Dans la décomposition politique actuelle, le débat se cristallise autour de deux types d’illusions, entre la glorification du système planificateur d’après-guerre d’un côté, et la croyance dans les bienfaits absolus d’une mondialisation dérégulée, de l’autre. En réalité les deux vont de pair. Le système actuel est un système bureaucratique hérité des structures d’après-guerre, mais dont les acteurs sont devenus étrangers à la question productive et à l’innovation. L’idée de « révolution néolibérale » est a elle-même une part d’illusion. Ce qu’on a appelé néolibéralisme constitue en fait une évolution du système planificateur vers une forme de planification squelettique centrée sur les banques centrales. Les décisions bureaucratiques sont désormais adossées au marché, mais la bureaucratie ne cesse d’étendre son spectre au détriment des processus productifs et créatifs. La bureaucratie d’après-guerre a simplement changé de totem, en délégant l’écrasante responsabilité de la gestion productive à un marché à la fois mondial et centralisateur.

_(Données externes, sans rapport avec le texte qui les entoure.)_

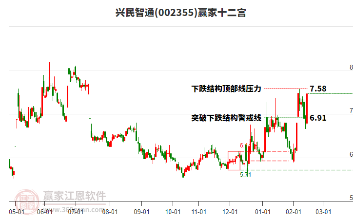2月13日股價上穿前期2025年4月9日形成的下跌結(jié)構(gòu)警戒線6.91,本輪上漲自前期低點2月12日,經(jīng)歷1日漲至今日7.47,漲幅12.33%。依據(jù)贏家十二宮多空能量守恒規(guī)則,下跌結(jié)構(gòu)警戒線是多空能量平衡點,突破或跌破往往意味著平衡打破。 今日突破警戒線,多方能量主導上攻,有望在下跌結(jié)構(gòu)頂部線7.58附近將會形成新的多空能量平衡位。

D’un point de vue macroéconomique, la refondation doit notamment consister à préserver les mécanismes d’innovation en les protégeant du nivellement par le bas. Cela passe par le cadre de politique économique prôné par Dani Rodrik notamment. Il ne s’agit pas de pratiquer un protectionnisme autarcique qui protège des technologies obsolètes. La concurrence mondiale doit être mise en valeur au moyen de l’ouverture commerciale et de la mobilité du capital productif dans la mesure où elle crée une véritable émulation technologique, mais contrôlée lorsqu’elle relève du pur nivellement par le bas salarial et technique.

La balance a eu tendance à pencher lourdement de ce côté-là ces dernières décennies.

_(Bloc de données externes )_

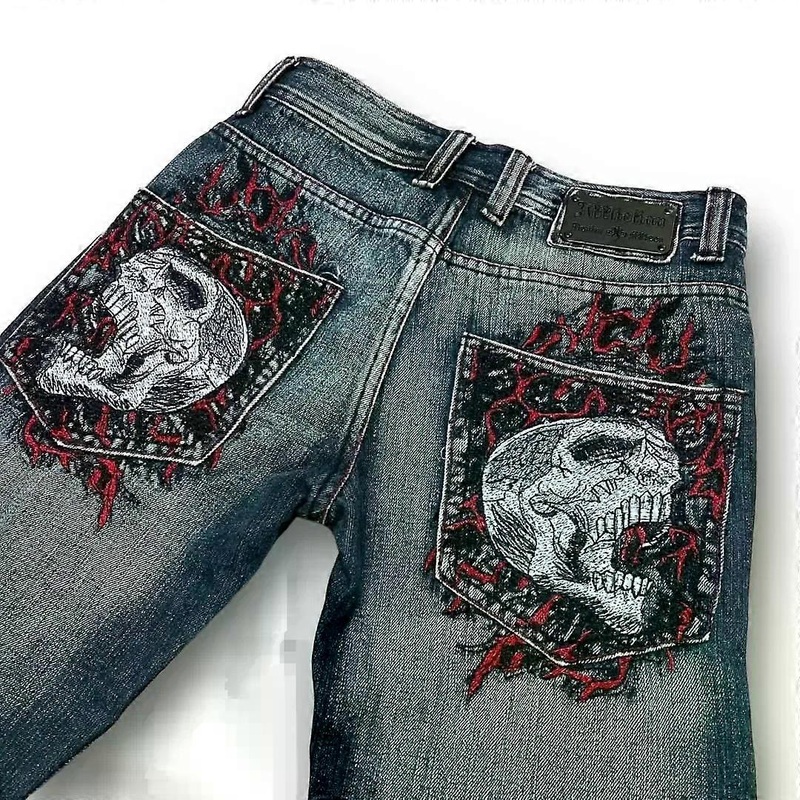 Description Y2K Fashion New Hiphop Skull Graphic Embroidery Blue Retro Jeans Streetwear Men And Women Popular Harajuku Gothic Wide-leg Pants

Par ailleurs, le point d’équilibre entre ces deux pôles n’est pas de nature mathématique. L’équilibre commercial est un repère essentiel, mais insuffisant. La vision macroéconomique a ses limites. La refondation passe par un pan de nature sociologique, puisque la sclérose actuelle est liée à la perte de sens dont souffrent les bureaucraties ainsi qu’à leur extension illimitée. Cette tendance est particulièrement visible en France, où il faut replacer au centre des décisions économiques ceux qui ont une compréhension concrète des secteurs en question, en particulier sur le plan technologique. On parle beaucoup du modèle allemand de façon abstraite pour vanter des réformes contestables, alors que la principale différence avec notre modèle actuelle réside dans les moyens humains et la préservation de la connaissance technologique. Quand on s’intéresse très concrètement aux économies et aux secteurs qui s’en sortent dans le monde, on voit tout de même comme facteur commun, quelque soit la doctrine économique prônée, beaucoup de bon sens et une administration qui se soucie davantage d’aider que de se positionner.